Basically, "everyone is just boiling hot water", whether CommVault, Cohesity, Veritas, Veeam, ArcServe, EMC Avamar, EMC NetWorker, IBM TSM ... Rubrik also uses the given interface for virtual machine backups of the hypervisor. Every backup tool uses the vStorage API for Data Protection (VADP for short) with VMware vSphere. VADP is the successor to VMware Consolidated Backup (VCB) and has been the common standard for backing up vSphere since vSphere 4. Together with Changed Block Tracking (CBT), VADP is a best practice for incremental and fast data protection.

In the course of my research, I found an interesting comparison of VADP and VCB. I think it is extremely interesting to see what is taken for granted today with the features of VADP and was only possible to a limited extent or not at all with VCB.

Source: VMware Knowledge Base

Hyper-V naturally works with volume shadow copies (VSS) and not VADP for backups. Here, each hypervisor type/vendor (Nutanix AHV, Citrix XenServer, ...) offers its own developed mechanisms and interfaces.


So at this point I want to be clear: Rubrik has not revolutionized the market in the backup/restore process and reinvented the wheel. In my eyes, the art lies in the user experience and in the work with the tools. There are some products that can be used intuitively by everyone, while others are more complex and less easy to use.


So, with the following technical insight, I might speak for every backup tool with VADP.


Rubriks Backupworkflow


(1) Connect to vCenter and initiate the backup job.

(2) Run pre-backup script inside the VM on the hypervisor to put the application in a consistent state.

(3) Create a VMware snapshot. See section below: How Snapshots work.

(4) Using the Pure Storage REST API, create a storage snapshot of the datastore and the underlying volume on the Pure. The datastores can also be distributed across multiple physical arrays (assumes connectivity of all arrays on the rubric).

(5) Removing the VMware snapshot.

(6) Running a post-snap script in the VM.

(7) Mount the volume snapshot to the ESXi server. A new volume is created in the background from the volume snapshot created in step (4). A rescan is performed on the ESXi HBA to discard the new volume. The new volume is then presented to the host and mounted. A datastore is then created from the volume. Important: the created storage volumes and datastore are only temporary.

(8) Create a Proxy VM. The temporary Proxy VM is based on the resources as the original (template), where the Proxy VM can be placed on any ESXi server with networking connectivity to the arrays. The created Proxy VM is powered off and no networking is configured. The datastore created in step (7) is now connected to the Proxy VM.

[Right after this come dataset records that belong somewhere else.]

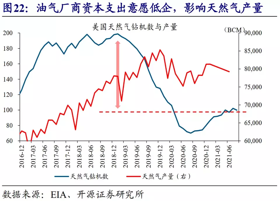 本輪能源危機爆發的根源,在於疫情衝擊及採礦類企業資本開支意願低企下,傳統能源品的產能彈性大幅下滑。2020年疫情爆發以後,天然氣、原油等傳統能源開採行業出現企業破產潮,產能一度跌至冰點。雖然隨後疫情減輕、需求端逐步回暖,但對改善自身現金流的極度渴望,以及全球主要經濟體紛紛加快推進「碳中和」政策,使得這些傳統能源開採企業的資本開支持續低企。受此影響,無論是天然氣、原油,還是動力煤等,產能彈性都大幅下滑,供需缺口持續拉大。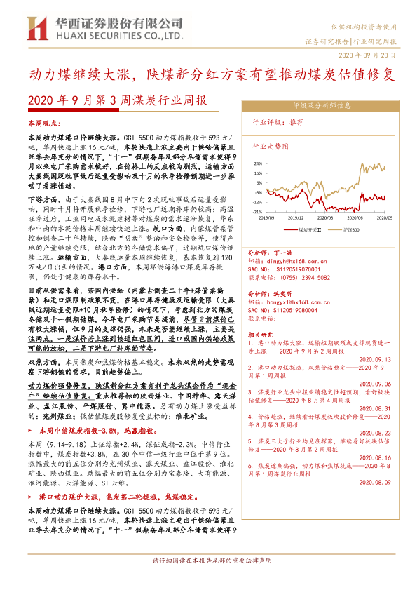 【华西证券】【20200920】2020年9月第3周煤炭行业周报:动力煤继续大涨,陕煤新分红方案有望推动煤炭估值修复-22页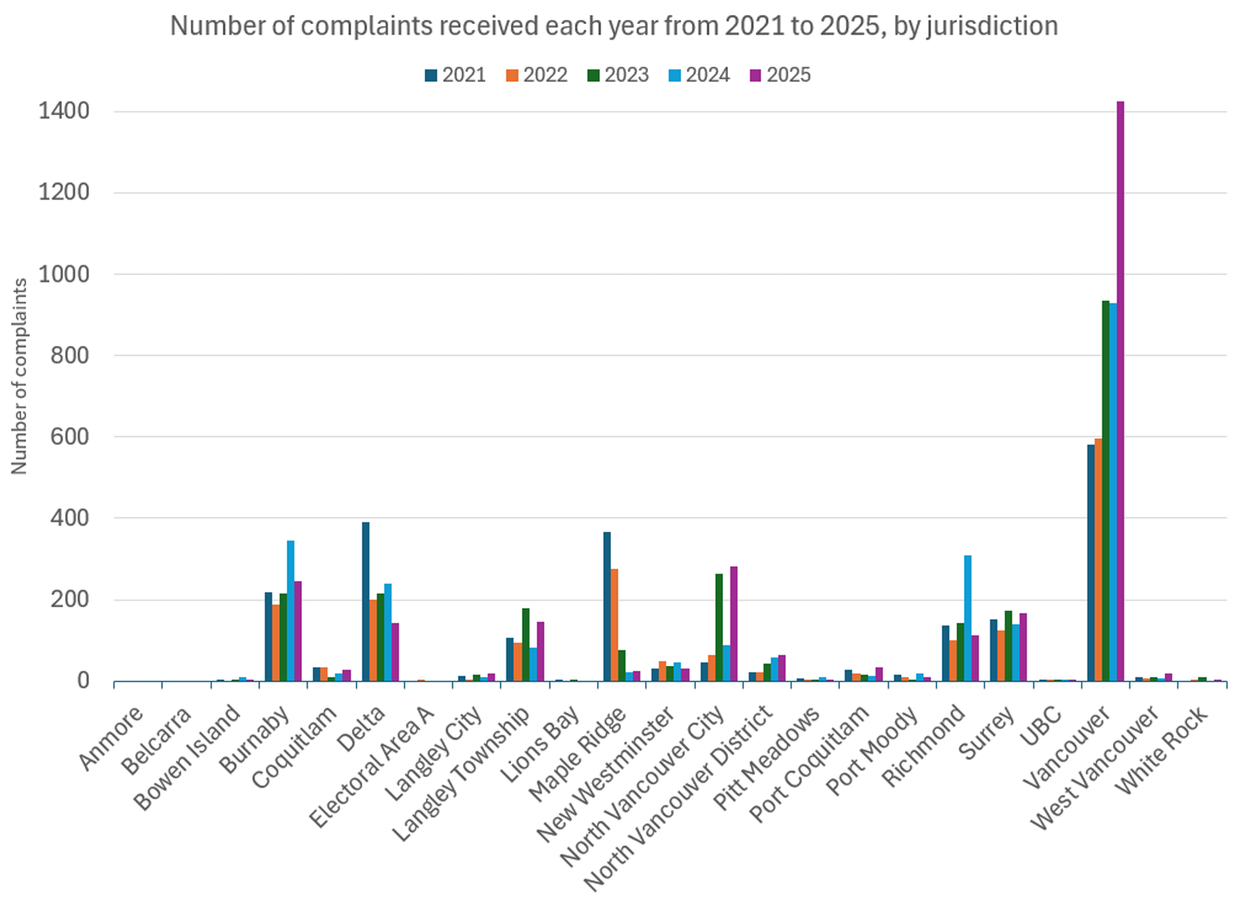 The Township of Langley is consistently among the jurisdictions generating the most complaints, alongside Vancouver, Burnaby, Delta, Richmond, and Surrey.

(9) Tapping the data from the proxy VM. VMware CBT is used here to transfer only changed blocks to the last backup.

(10) Cleanup proxy VM.

(11) Unmount the temporary datastores/volumes.

(12) Clean up the array volumes/snapshots.

(13) Execute post-backup script (if configured).


The practice


Backup


There is, of course, also the possibility to create an instant snapshot "on demand" with Rubrik. This operation can be performed on individual VM objects, groups and SLA plans. Below we will create a snapshot on our SLA domain.

As we can see, the VMware snapshot existed for just 6 seconds and was dissolved instantaneously. Thus, the size of the delta file is minimal.

Grown delta files can have significant impact on high frequency systems. An example would be that redo/delete operations for snapshots can cause timeouts to occur for systems/clients. In addition, backups could also fail when shutting down during snapshot operations.


How Snapshots work


When a snapshot is taken, ideally the guest operating system is quiesced. If the virtual machine is powered on when the snapshot is taken, VMware Tools are used to decommission the file system on the virtual machine. File system decommissioning is a process of placing the data on the hard disk of a physical or virtual computer in a state suitable for backups. This process includes operations such as flushing modified buffers from the operating system's in-memory cache to the hard disk.


When a snapshot is created, it consists of the following files: -.vmdk and --delta.vmdk.


A collection of the above snapshot files for each virtual disk is associated with the virtual machine at the time of the snapshot. These files are called child disks, redo logs, or delta links/files. The child disks can later be considered as parent disks for future child disks. From the original parent disk, each child disk represents a redo log that links back to the original step by step from the current state of the virtual disk.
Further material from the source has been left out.